Learning Deep Analysis Dictionaries -- Part II: Convolutional Dictionaries
This work addresses efficient processing of high-dimensional signals for applications like image super-resolution, but it is incremental as it builds on a companion paper by extending to convolutional dictionaries.
The paper tackles the problem of learning convolutional dictionaries for high-dimensional signals like images, introducing Deep Convolutional Analysis Dictionary Model (DeepCAM) and demonstrating that it achieves performance comparable to other methods in single image super-resolution.

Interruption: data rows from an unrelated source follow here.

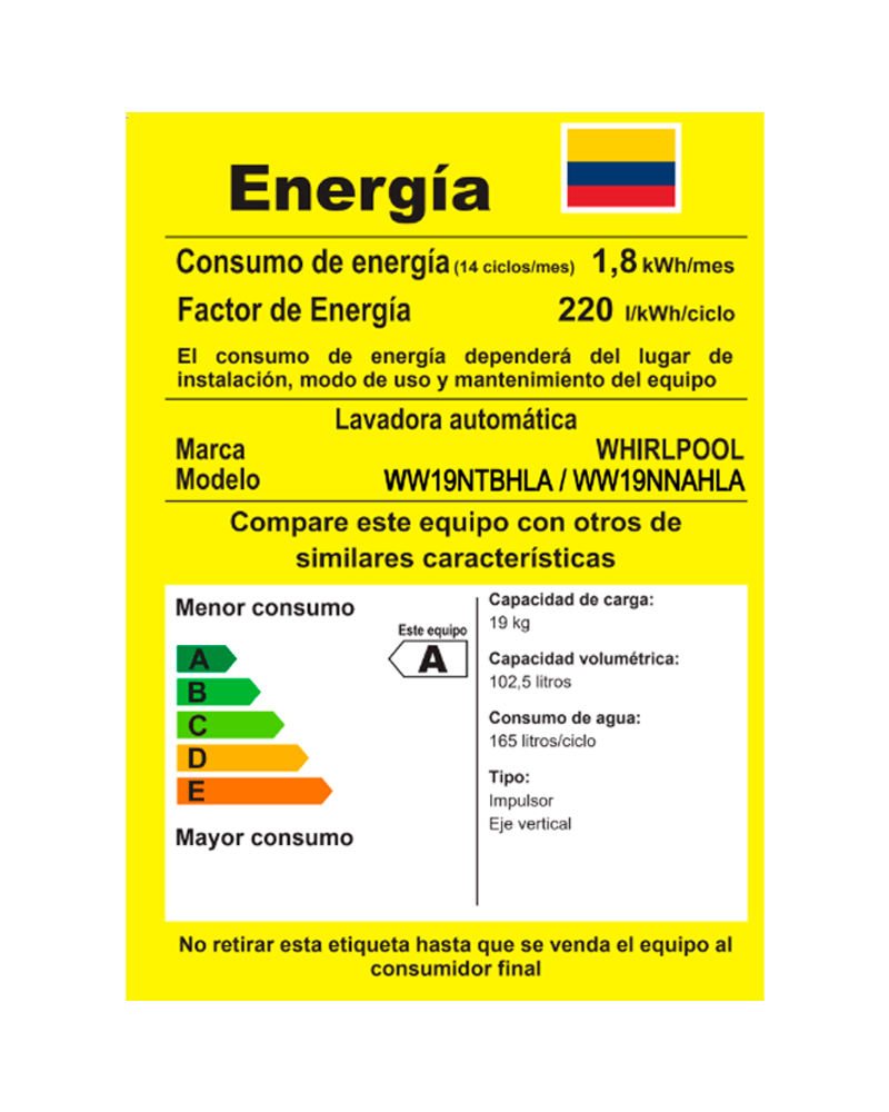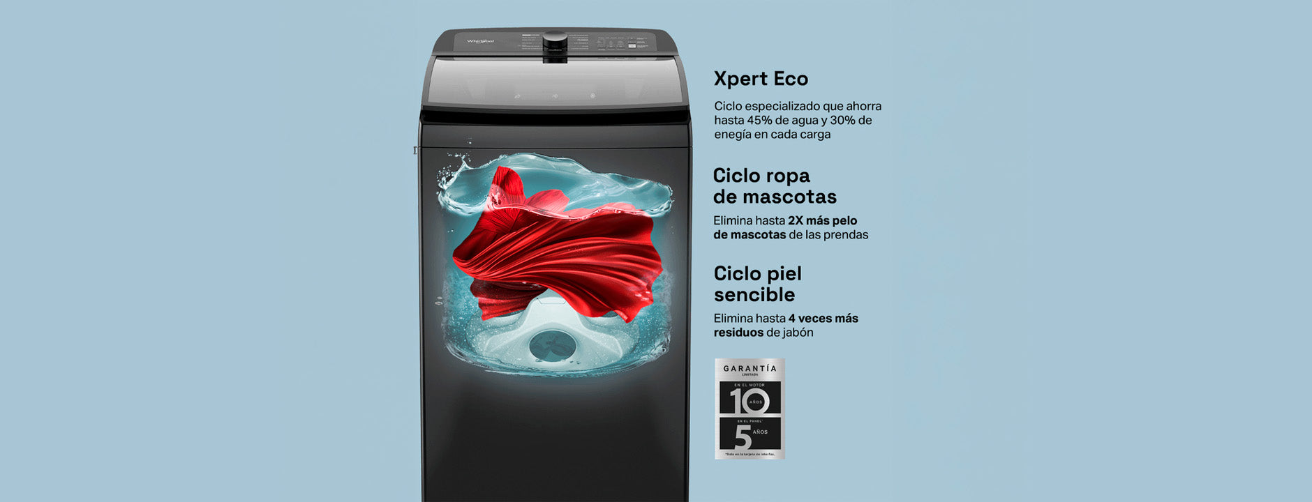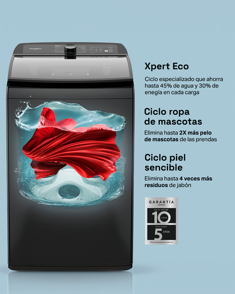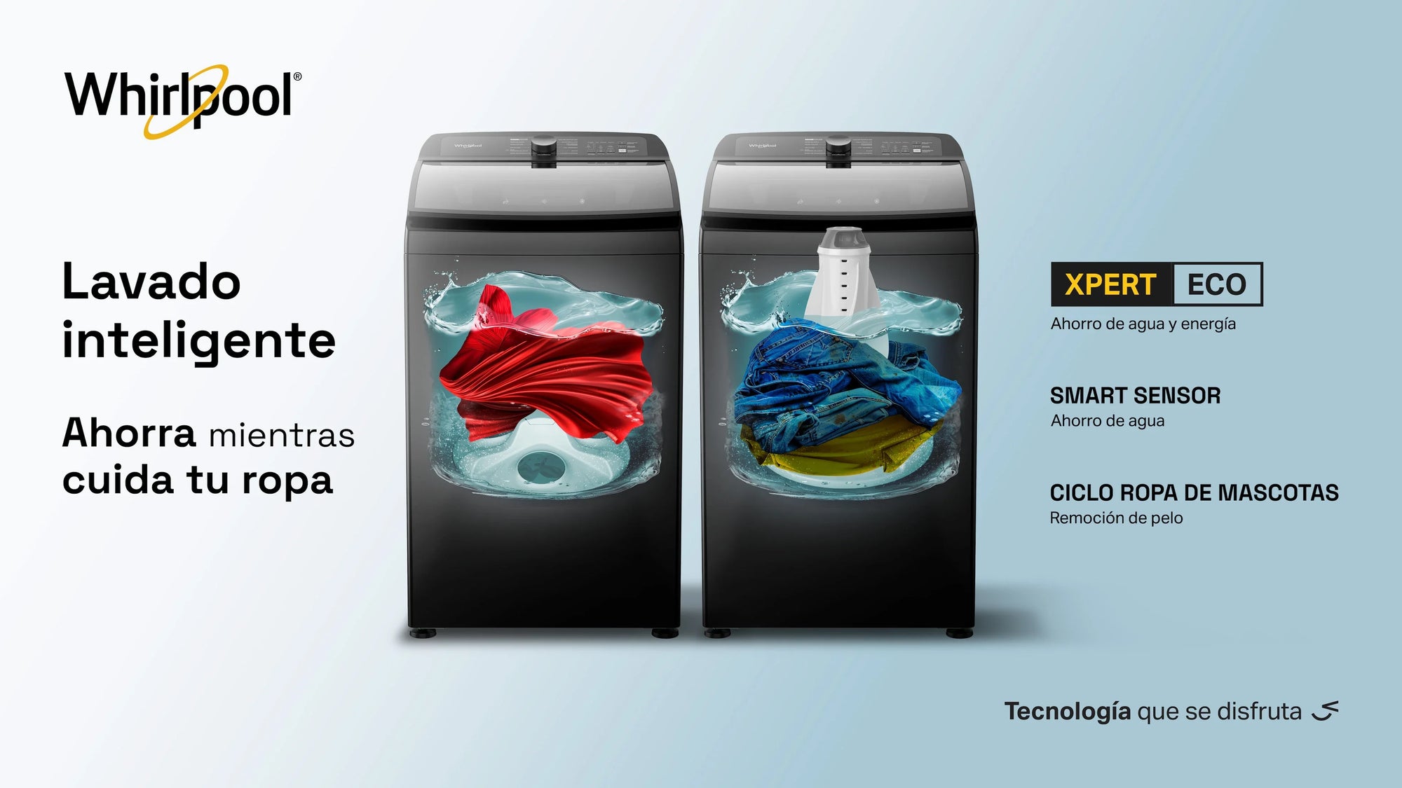 Con esta lavadora Whirlpool, tendrás un lavado inteligente que combina ahorro, tecnología avanzada y un cuidado experto para tus prendas.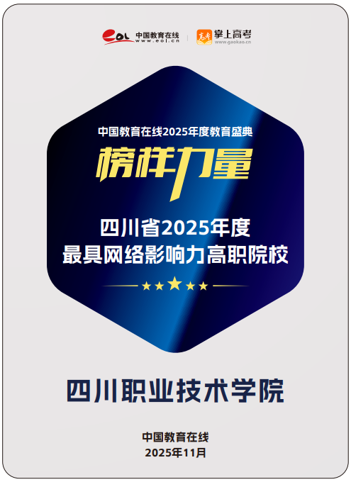 近日,中国教育在线主办的“榜样力量・2025 年度教育盛典” 正式公布优秀案例评选结果。我校凭借兼具创新性与前瞻性的招生宣传体系,以及扎实高效的宣传执行能力,在全国众多参评高校中脱颖而出,成功获评“四川省 2025 年度最具网络影响力高职院校” 荣誉称号。这是学校继 2024 年首次获评“四川省2024 年度最具网络影响力高职院校”后,再次获此认可,实现连续连续两年获此荣誉。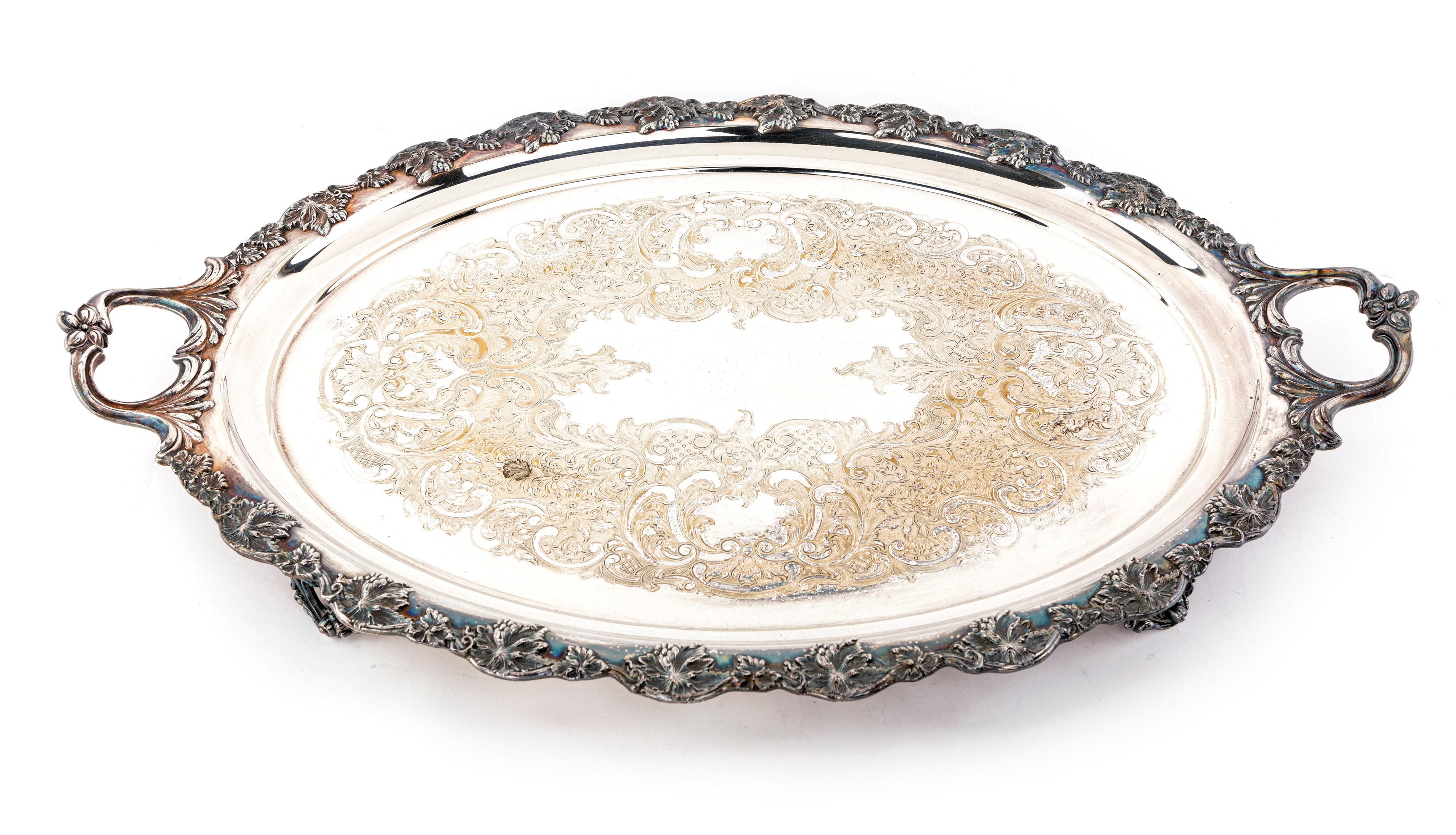 di forma ovale con manici e fitta decorazione incisa a volute, motivi vegetali e fiori; orlo sottolineato da tralci di vite e pampini

In this paper, we introduce a Deep Convolutional Analysis Dictionary Model (DeepCAM) by learning convolutional dictionaries instead of unstructured dictionaries as in the case of deep analysis dictionary model introduced in the companion paper. Convolutional dictionaries are more suitable for processing high-dimensional signals like for example images and have only a small number of free parameters. By exploiting the properties of a convolutional dictionary, we present an efficient convolutional analysis dictionary learning approach. A L-layer DeepCAM consists of L layers of convolutional analysis dictionary and element-wise soft-thresholding pairs and a single layer of convolutional synthesis dictionary. Similar to DeepAM, each convolutional analysis dictionary is composed of a convolutional Information Preserving Analysis Dictionary (IPAD) and a convolutional Clustering Analysis Dictionary (CAD). The IPAD and the CAD are learned using variations of the proposed learning algorithm. We demonstrate that DeepCAM is an effective multilayer convolutional model and, on single image super-resolution, achieves performance comparable with other methods while also showing good generalization capabilities.